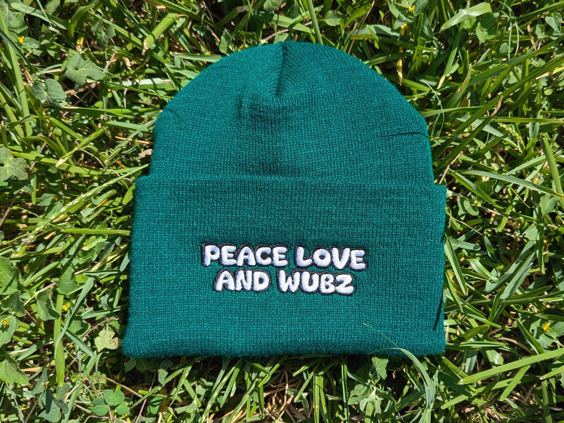 Peace Love and Wubz Embroidered Beanie Hat - Rave Festival Wear EDM Plur Wook Hat - Riddim Bass Music Dubstep Headwear Gift for Ravers
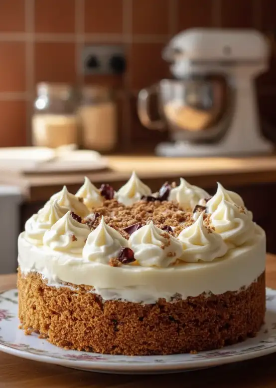 - Frosting auftragen: Den abgekühlten Kuchen auf eine Servierplatte geben und mit dem Frischkäse-Frosting gleichmäßig bestreichen.
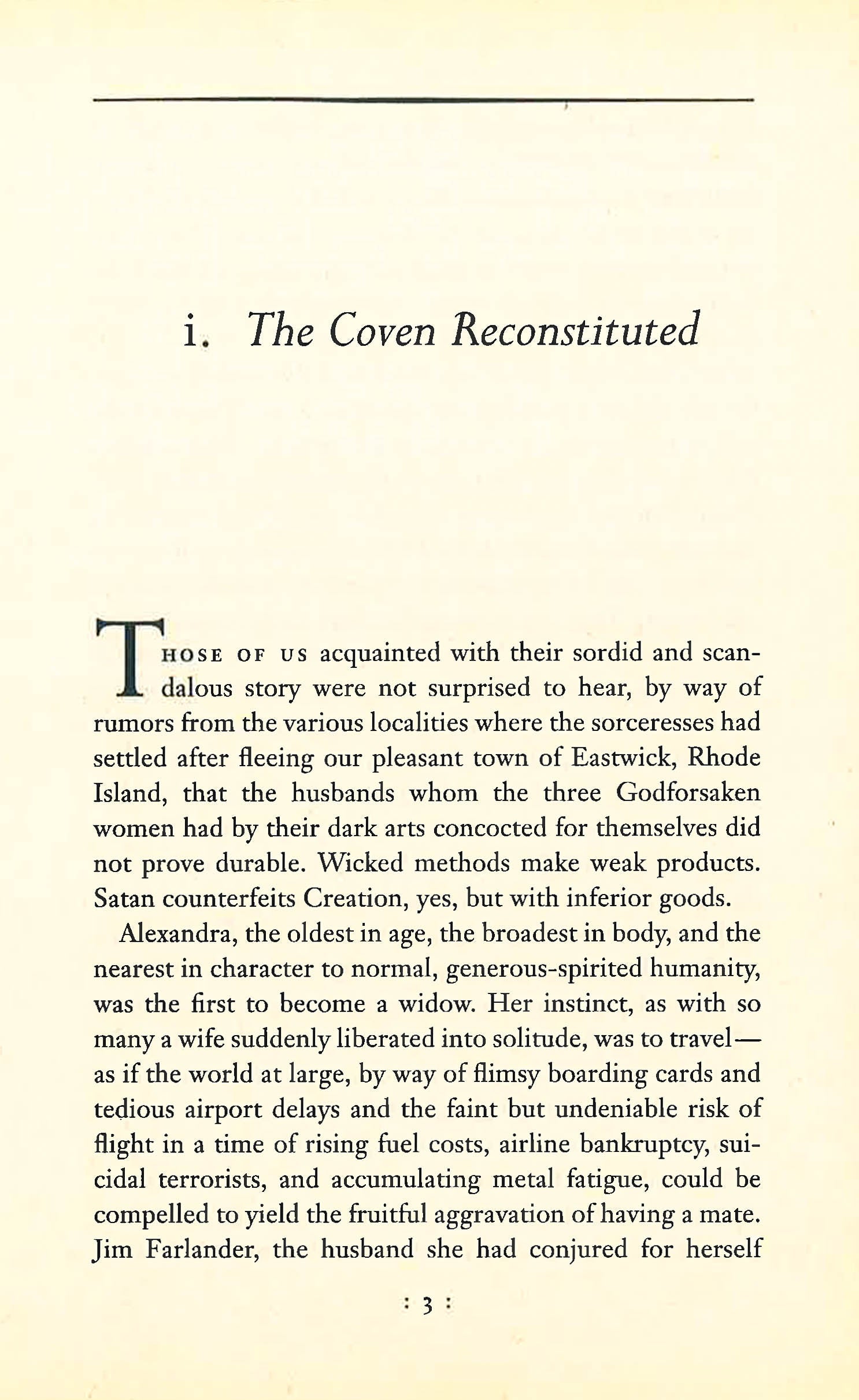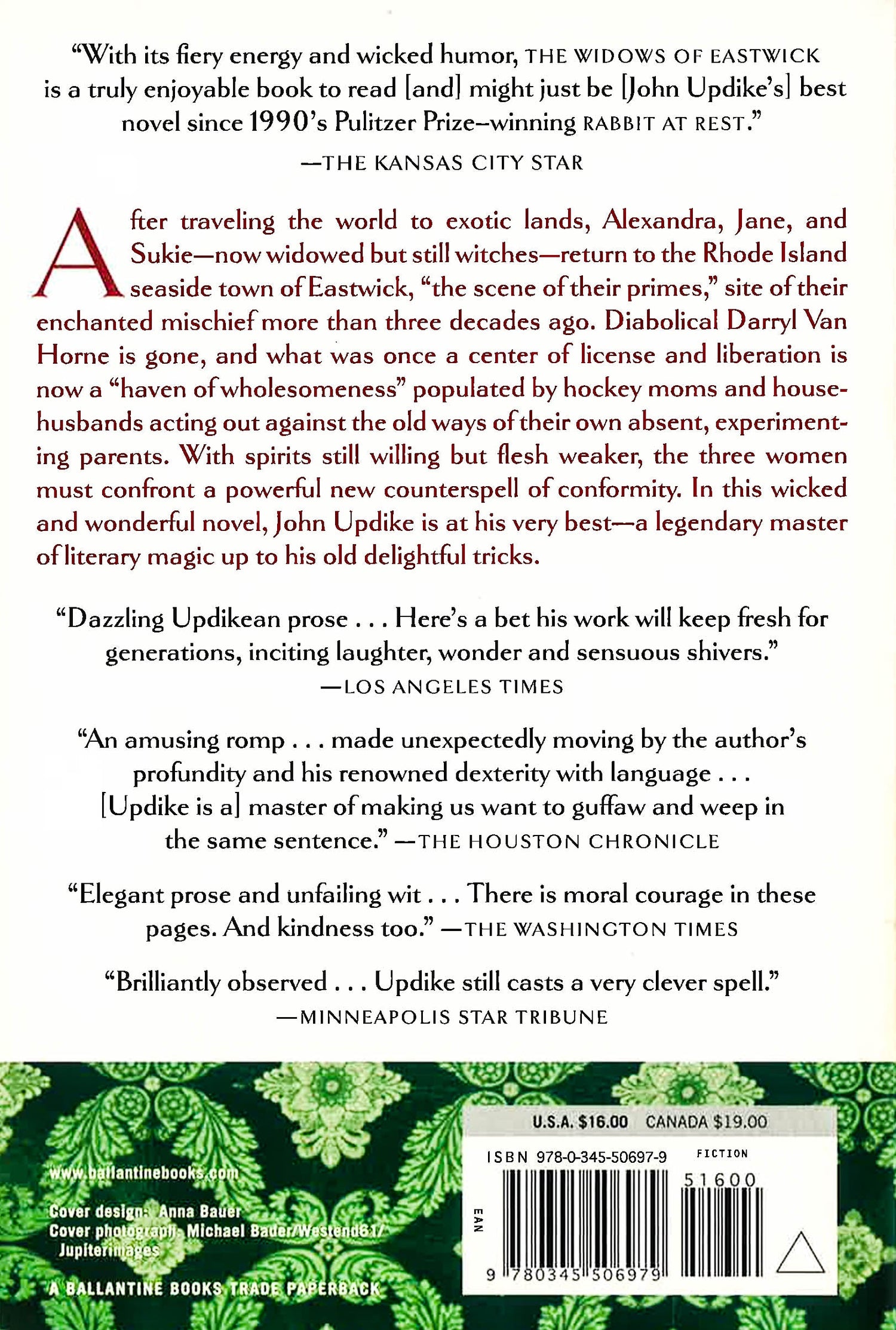 More than three decades after the events described in The Witches of Eastwick, Alexandra, Jane, and Sukie--widowed, aging, and with their occult powers fading--return for the summer to the Rhode Island town where they once made piquant scandal and sometimes deadly mischief. But what was then a center of license and liberation is now a "haven of wholesomeness" populated by hockey moms and househusbands primly rebelling against their absent, reckless, self-involved parents. With spirits still free but energy waning, the three women reconstitute their coven to confront not only this youthful counterspell of propriety but also the enmity of those longtime townsfolk who, through their youthful witchery, they irreparably harmed. In this wise and wicked satire on the way we make peace with our pasts, John Updike proves himself a wizard on every page.

|---|

## Exercise goal
Restate the listing word for word, pictures excluded.

## Solution
 Peace Love and Wubz Embroidered Beanie Hat - Rave Festival Wear EDM Plur Wook Hat - Riddim Bass Music Dubstep Headwear Gift for Ravers
 - Frosting auftragen: Den abgekühlten Kuchen auf eine Servierplatte geben und mit dem Frischkäse-Frosting gleichmäßig bestreichen.
 More than three decades after the events described in The Witches of Eastwick, Alexandra, Jane, and Sukie--widowed, aging, and with their occult powers fading--return for the summer to the Rhode Island town where they once made piquant scandal and sometimes deadly mischief. But what was then a center of license and liberation is now a "haven of wholesomeness" populated by hockey moms and househusbands primly rebelling against their absent, reckless, self-involved parents. With spirits still free but energy waning, the three women reconstitute their coven to confront not only this youthful counterspell of propriety but also the enmity of those longtime townsfolk who, through their youthful witchery, they irreparably harmed. In this wise and wicked satire on the way we make peace with our pasts, John Updike proves himself a wizard on every page.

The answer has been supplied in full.